Top of INFORMATION SUPPLIED

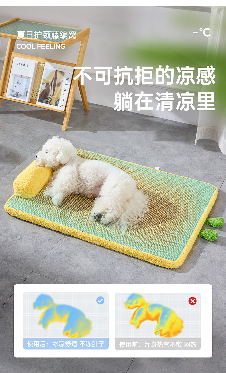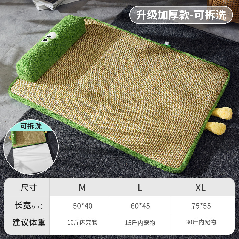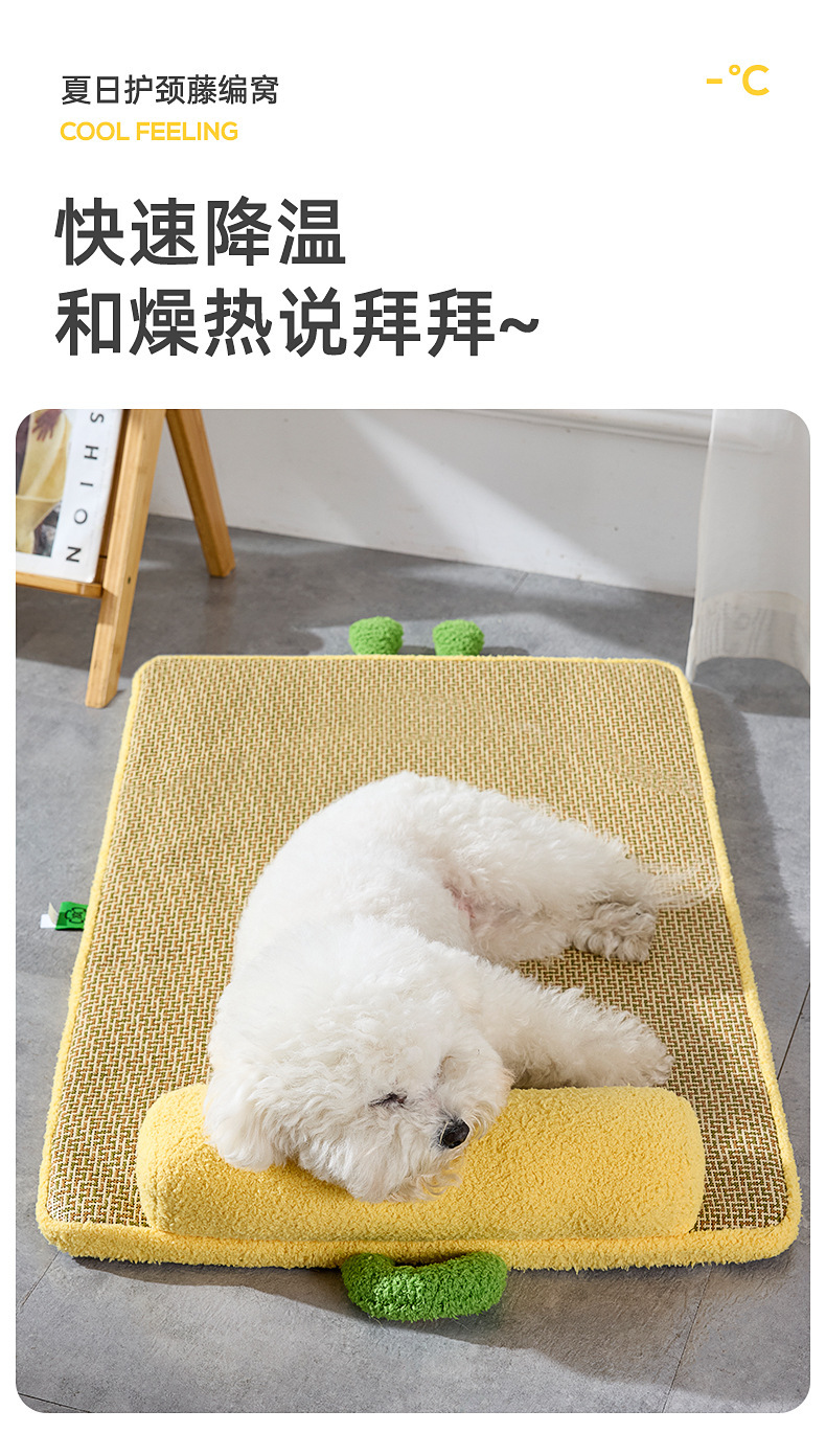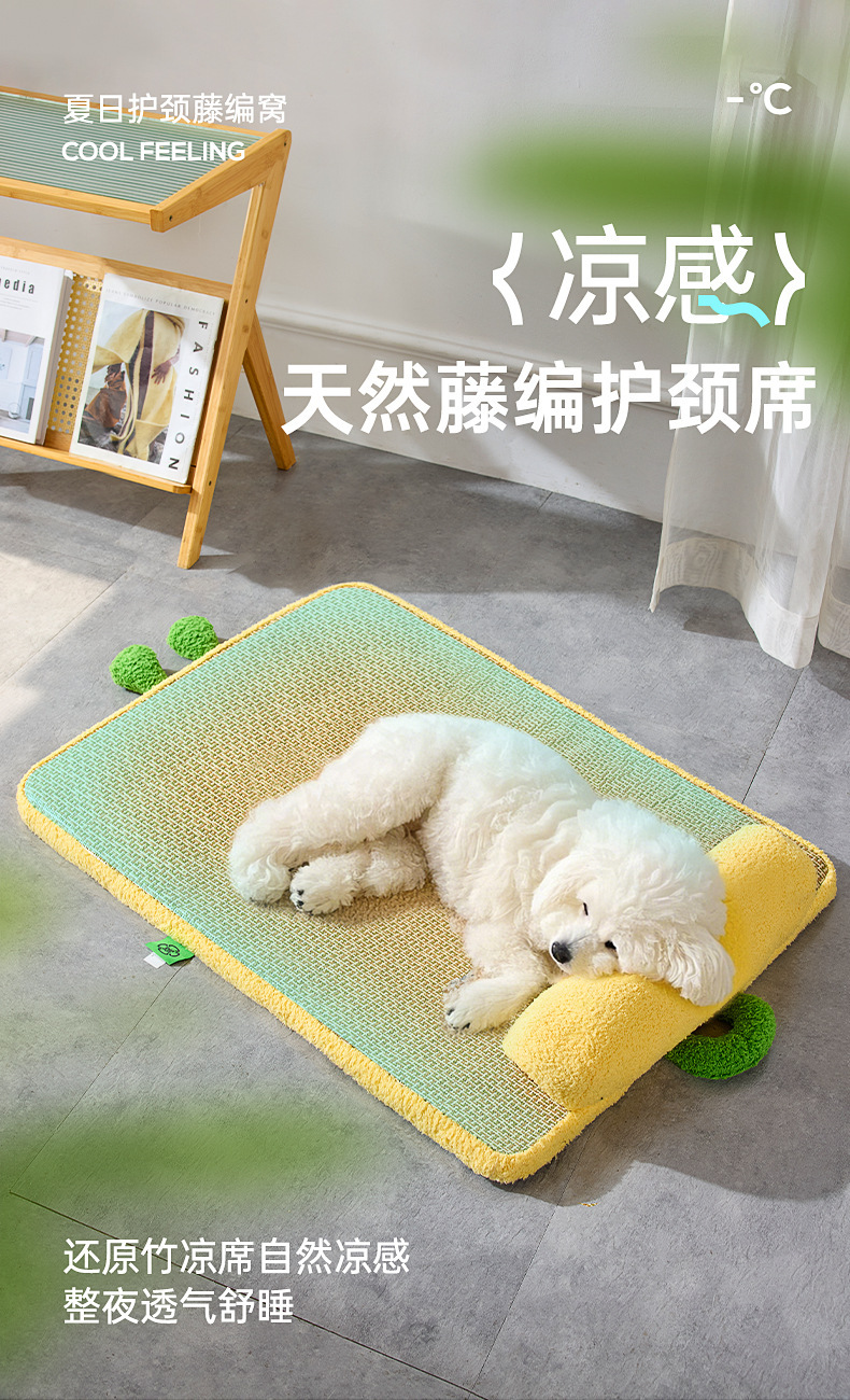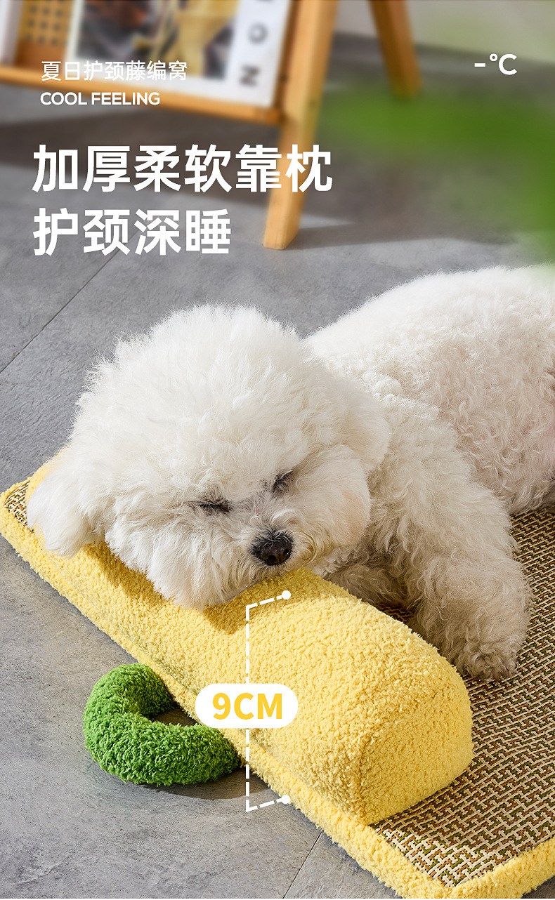 새로운 냉각 및 통기성 등나무 매트, 고양이 긁힘 방지 및 내마모성 얼음 매트, 여름 개집, 두꺼운 목 보호 베개 및 냉각 매트
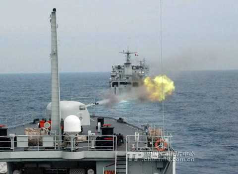 | Tàu chiến hải quân Trung Quốc bắn đạn thật - Ảnh: Chinamil |
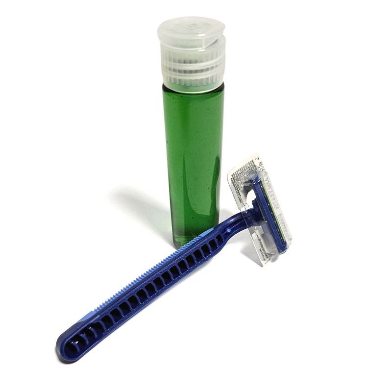 Kit de afeitar máquina gillette y botella 35 cc tapa flip top con gel de afeitar en bolsa con cierre adhesivo.

Bottom of INFORMATION SUPPLIED

* **WHAT THE TASK ASKS**: Could you return the listing above exactly, minus its pictures?

* **EXERCISE RESPONSE**:
 새로운 냉각 및 통기성 등나무 매트, 고양이 긁힘 방지 및 내마모성 얼음 매트, 여름 개집, 두꺼운 목 보호 베개 및 냉각 매트
 | Tàu chiến hải quân Trung Quốc bắn đạn thật - Ảnh: Chinamil |
 Kit de afeitar máquina gillette y botella 35 cc tapa flip top con gel de afeitar en bolsa con cierre adhesivo.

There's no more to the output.